Azerbaijan: focus on a shrinking trade balance
Azerbaijan’s economy is under pressure in 2025, with GDP dropping by 2.3% in July after showing a modest 1.5% YoY increase between January and June, as momentum weakens after a strong 2024 despite a supportive fiscal and credit stance. The budget surplus narrowed to 2.6% of GDP, while retail lending remains high. The central bank cut its policy rate to 7.00% in July and maintained it in September, focusing recent communication on FX market flows.

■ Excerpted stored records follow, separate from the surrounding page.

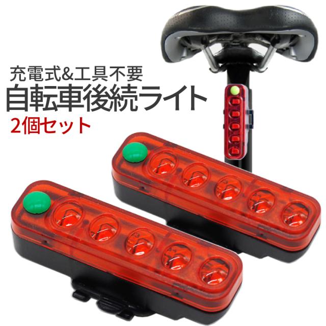 自転車 LED ライト バックライト 2個 点灯 点滅 USB 充電 サドル 小型 通勤 通学 夜間 警告 後続 後続車 テールライト テールランプ サイクリング 警告灯 工具 不要 2-SINJITERA 送料無料
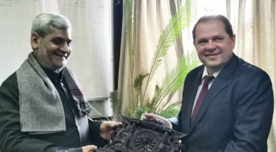 स्वास्थ्य तथा जनसंख्या मन्त्री हृदेश त्रिपाठीलाई नेपालका लागि रसियाका राजदूत अलेक्सइ ए नोविकोवले शिष्टाचार भेटवार्ताको
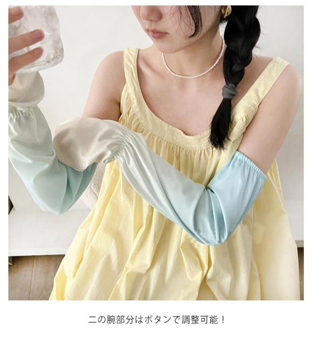| 指掛けタイプアームカバー。二の腕から指先までしっかりカバー。 接触冷感で、水や汗で濡れると気化熱の作用により冷却効果!軽くて涼しく通気性のある肌に優しい柔らかな生地、心地よい肌触り! UPF50+!日差しの強い時期の紫外線から肌を守ることが期待できる日焼け対策として! 紫外線カッド率99%以上で、着け心地が夏に快適! 通気性抜群!汗がいつでも残らず素速く乾く素材なので、快適に身に着けられる。 吸水速乾性!熱の解散が早いので、ひんやり感が早く回復! ぐーんとよく伸びる!のびのびストレッチ! 二の腕部分はボタンで調整可能! アウトドアやスポーツにも最適! | |
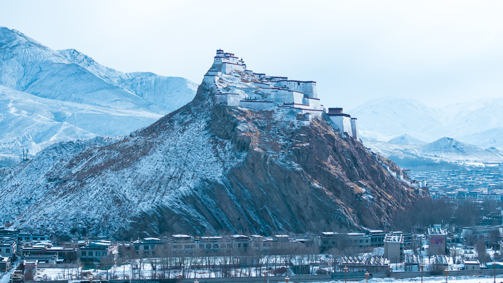 शिगात्से: बर्फ से ढकीं ग्यांत्से महल की इमारतें
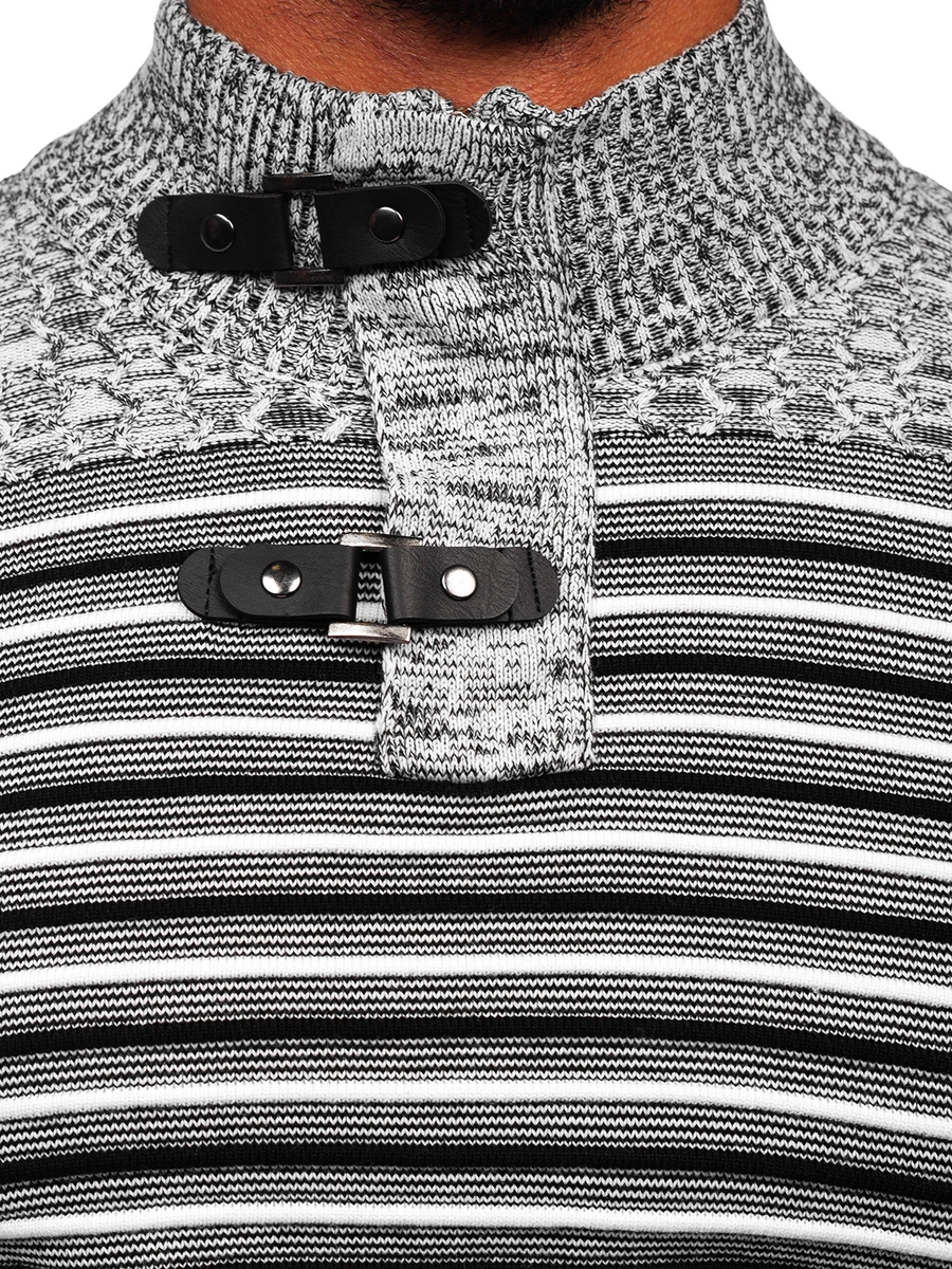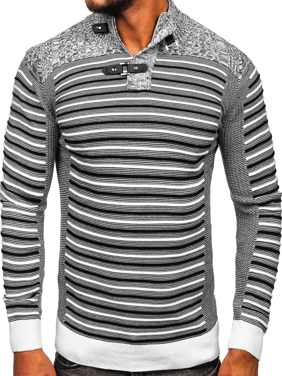 Klassisk vit herrtröja med ståkrage 1028 från Bolfs kollektion. Den har en fin ståkrage och stängs med dragkedja och tryckknappar. Nertill, på halsringningen och på ärmarna finns en ribbning, vilket gör att den passar de flesta kroppsformer och är väldigt bekväm. Den är tillverkad av 50% ull och 50% akryl. Den här modellen finns i fyra olika färger, så du hittar definitivt en som passar. Snygga ränder ger den karaktär. De dämpade färgerna gör att tröjan passar både till ljusare och mörkare outfits. Använd den till skolan, arbetet, på promenaden eller en date - den passar oavsett tillfälle. Du kan använda den ihop med joggers och en bomberjacka för att skapa en ledig look på kvällspromenaden. En klassisk tröja passar utmärkt med chinos och en skinnjackaför att skapa den perfekta outfiten när du ska träffa dina vänner.
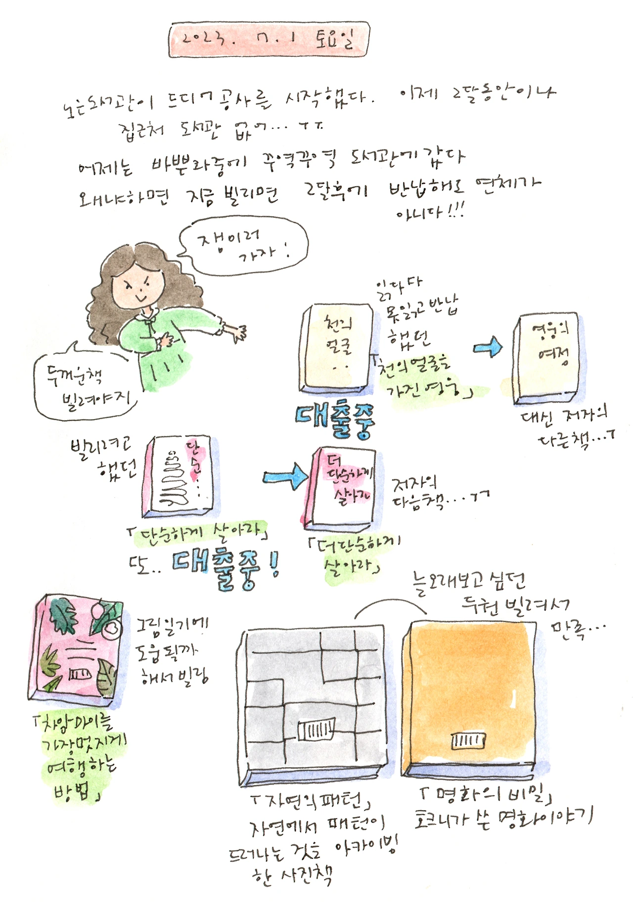 집근처 도서관이 휴관이다.여름은 도서관인데..나의 휴가일정이 무너졌다
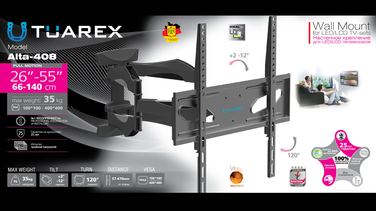 TUAREX ALTA-408 BLACK надёжно удержит экран размером 26"-55" дюйма и весом 35 кг. Простая конструкция TUAREX ALTA-408 BLACK идеально подойдет для самостоятельного монтажа. Наклонно-поворотная регулировка позволит наклонять вверх и вниз на +2 -12°, поворачивать влево и вправо на 120°, и выдвигать на 57-470 мм. Кронштейн подходит для большинства телевизоров популярных брендов, таких как Samsung, LG, Sony, Panasonic, Sharp, Toshiba, KIVI, Xiaomi Mi, SUPRA, Hyundai, Erisson, Horizont, JVC, Thomson, HAIER, BBK, Витязь, Веко, BQ, OZON, SkyLine, Pioneer, Philips, Rolsen, Harper, Hisense, Hitachi, Polarline, Prestigio и других. Крепёжные отверстия TUAREX ALTA-408 BLACK изготовлены по стандарту VESA. В комплектацию TUAREX ALTA-408 BLACK входят необходимые для монтажа материалы. Вся продукция обеспечивается гарантийными обязательствами. 25 лет гарантии на все сварные и механические соединения позволит наслаждаться конструкцией долгий срок. Во время эксплуатации TUAREX ALTA-408 BLACK демонстрирует поразительную износостойкость и безотказность. Подробнее https://www.kromax.ru/produce/pan_tilt/8484/
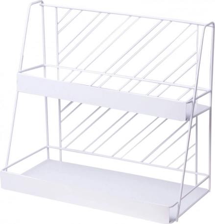 Ez a fém polc tökéletes megoldás a fürdőszoba vagy a hálószoba rendben tartására. A könyvespolc formájú huzalos polcok segítenek rendet tartani egy kis fürdőszobában vagy nagy mennyiségű kozmetikum között az öltözőasztalon.
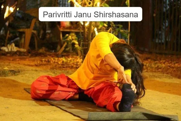 - Parivritti janu shirshasana: sit upright with your legs spread wide. Bend the left knee, placing the heel near the perineum, while keeping the right leg extended sideways. Inhale and raise the left arm, then exhale and stretch it over the head towards the right foot, holding the foot with both hands. Gently bring the head towards the knee and hold the posture while breathing in ujjai. Return slowly and repeat on the other side.

The manat remains pegged at 1.70/USD and is expected to hold throughout 2025. Moody’s upgraded Azerbaijan to investment grade in July, citing improved buffers and normalised Armenian relations. However, the shrinking trade surplus ($1.8bn vs $5.5bn in 2024) is a key risk if oil prices remain weak.
CPI risks persist in the region, especially in Kazakhstan
CPI growth by country (% YoY)
Kazakhstan: activity and inflation are looking up
Kazakhstan’s economy is outperforming, with GDP growth accelerating to 6.2% YoY in the first half of 2025, led by construction and domestic trade. However, inflation is rising sharply, reaching 12.2% YoY in August from 8.6% at the end of 2024. The central bank kept the base rate at 16.5% in August but signalled a higher likelihood of a rate hike due to persistent demand-driven pressures, recent tenge weakness, higher tariffs, and a planned VAT hike in 2026. Fiscal consolidation credibility remains a key watch factor.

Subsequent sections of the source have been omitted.